§ YOUR GOAL:
Could you retype only the lines from the one containing "58年に44歳で亡くなったス" through the final line of the entries, both included, skipping any images?

::::::::

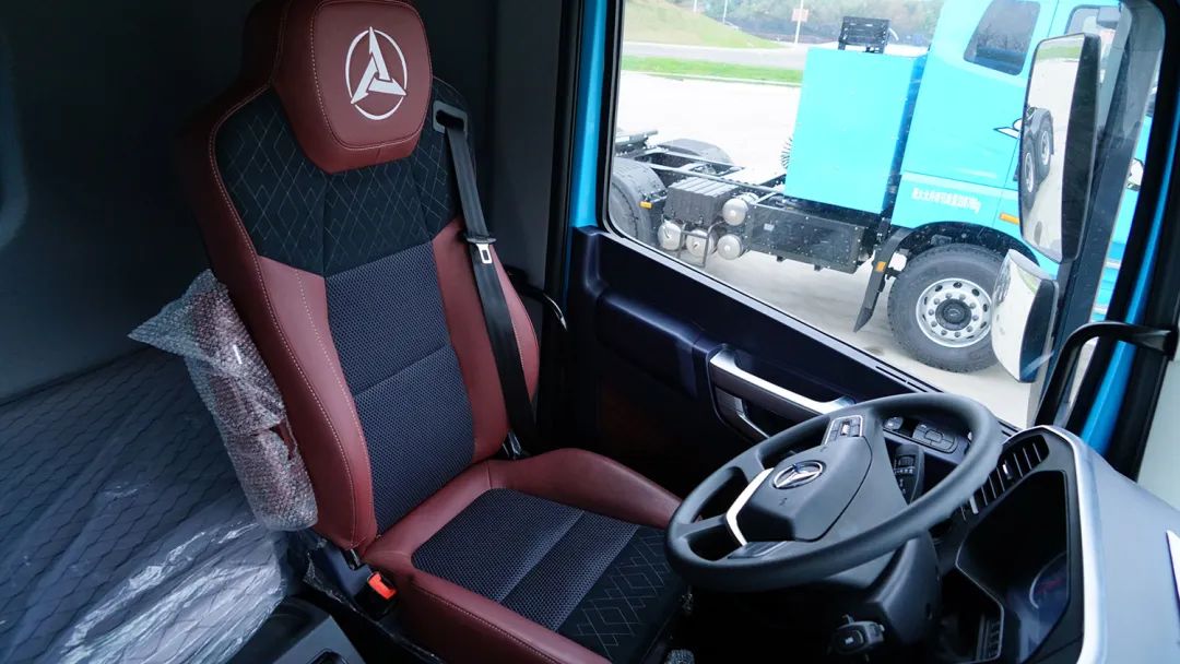 超舒适:标配四点浮悬气囊座椅,带腰部调节和座椅扶手,给司机腰部更好地保护和承托。标配650mm软卧铺,司机午休和上夜班也能有舒适的休憩之处。
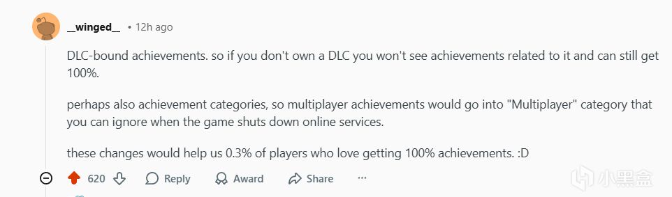 或许还可以设置成就类别,例如多人游戏成就可以归入“多人游戏”类别,这样在游戏关闭在线服务时就可以忽略这些成就。
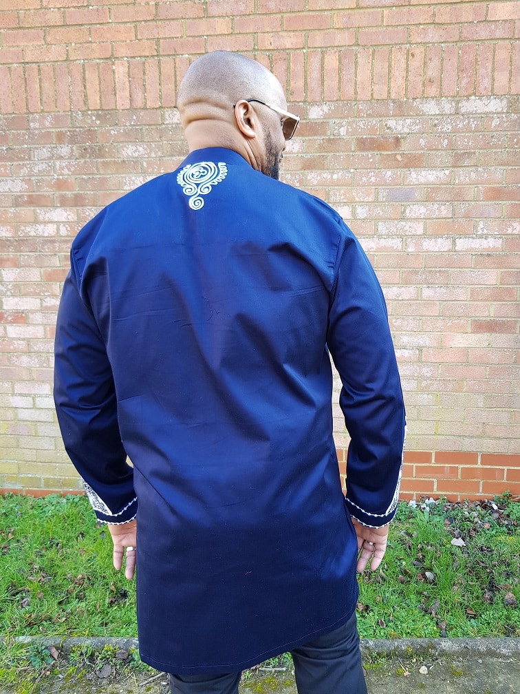 Looking for an embroidery shirt that’s smart as well as having a neat royal look then this Kgosi Navy & Abstract White Embroidery Shirt is the shirt for you. It features navy blue polished cotton with abstract white embroidery on the front the sleeves and at the back.It also features a Chinese neck collar with a button which helps set a royal formal look. It also has a slight opening at the front.Its suitable for any formal occasion or any occasion of your choice. You are sure to be the best dressed at any occasion!
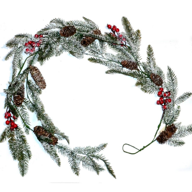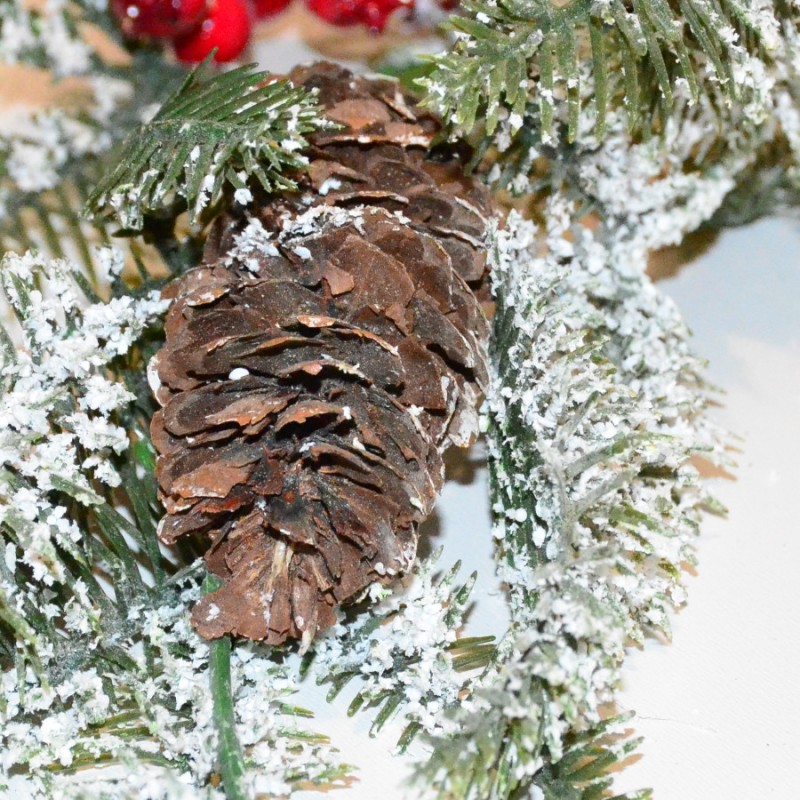 Starannie wykonana, śliczna długa ozdoba ze sztucznych gałązek i owoców uformowana w girlandę może posłużyć jako element dekoracji Twojego domu na czas Świąt Bożego Narodzenia. Można ją umieścić na firmowym biurku, przystroić nią stół, komodę, balustradę. Idealna przy tworzeniu aranżacji wystwaw sklepowych.
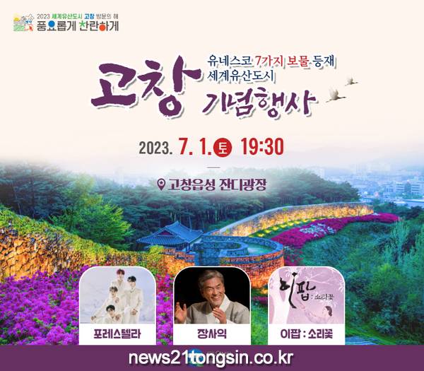 ▲  고창군제공뉴스21통신전북/김문기기자=전라북도 고창군이 ‘유네스코 7가지 보물 등재 기념행사’를 오는 7월1일 저녁 7시30분 고창읍성 광장에서 연다.
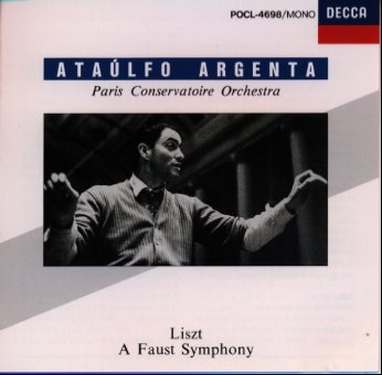58年に44歳で亡くなったスペインの指揮者アルヘンタがパリ音楽院管の特長的な音色を生かしきっての「ファウスト交響曲」。色彩豊かな、絵画的な演奏であり、現代のオーケストラからは失われてしまった音色の記録なのかもしれない。モノながら好録音。
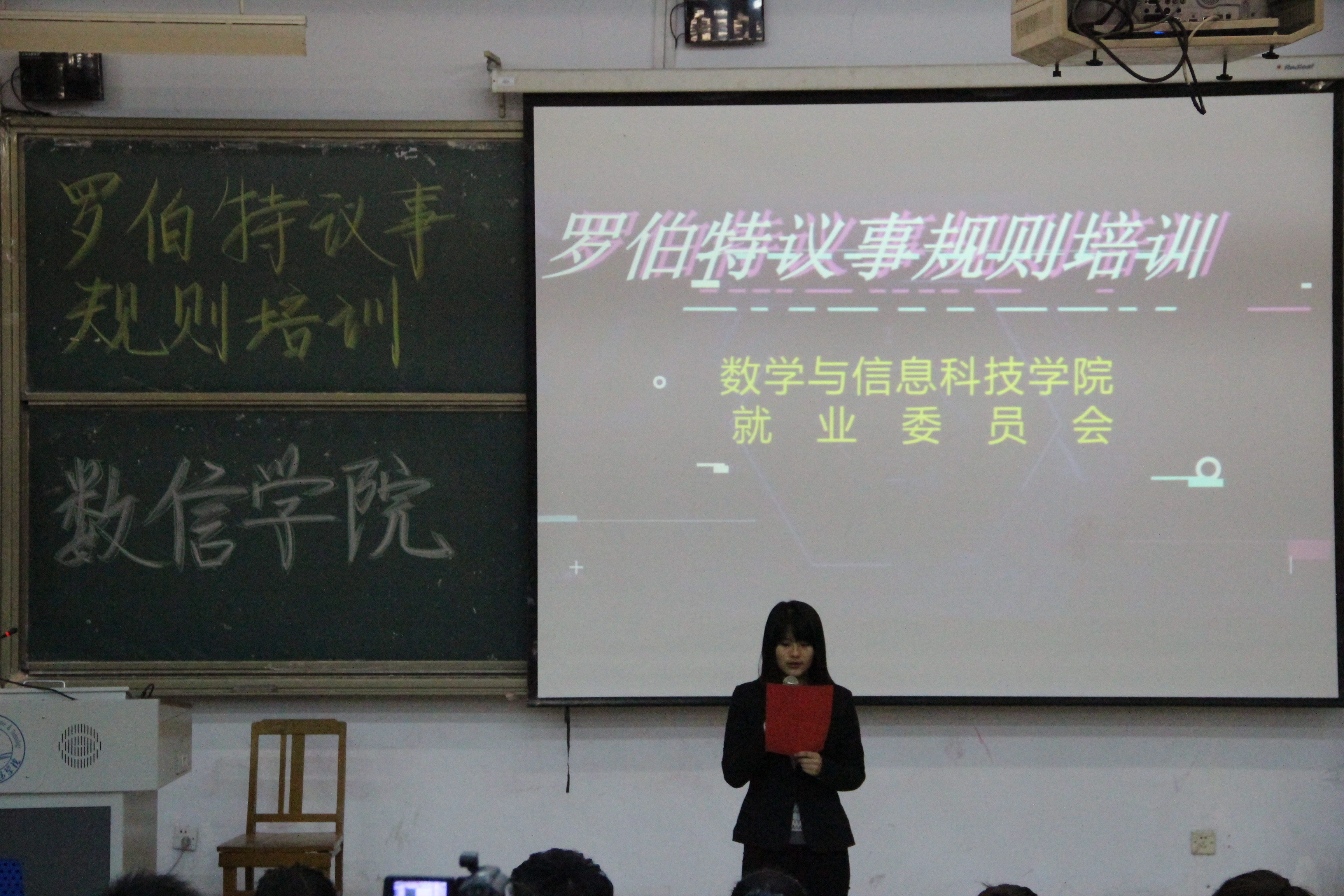 为了培养学生的会议组织能力,提高学生的就业竞争力,2017年12月3日晚7:00,Beat365官方网站在逸夫楼B104举办了学生干部罗伯特议事规则培训。学院负责就业的教师和全体学生干部参加了此次培训。

::::::::

§ EXERCISE OUTPUT:
58年に44歳で亡くなったスペインの指揮者アルヘンタがパリ音楽院管の特長的な音色を生かしきっての「ファウスト交響曲」。色彩豊かな、絵画的な演奏であり、現代のオーケストラからは失われてしまった音色の記録なのかもしれない。モノながら好録音。
 为了培养学生的会议组织能力,提高学生的就业竞争力,2017年12月3日晚7:00,Beat365官方网站在逸夫楼B104举办了学生干部罗伯特议事规则培训。学院负责就业的教师和全体学生干部参加了此次培训。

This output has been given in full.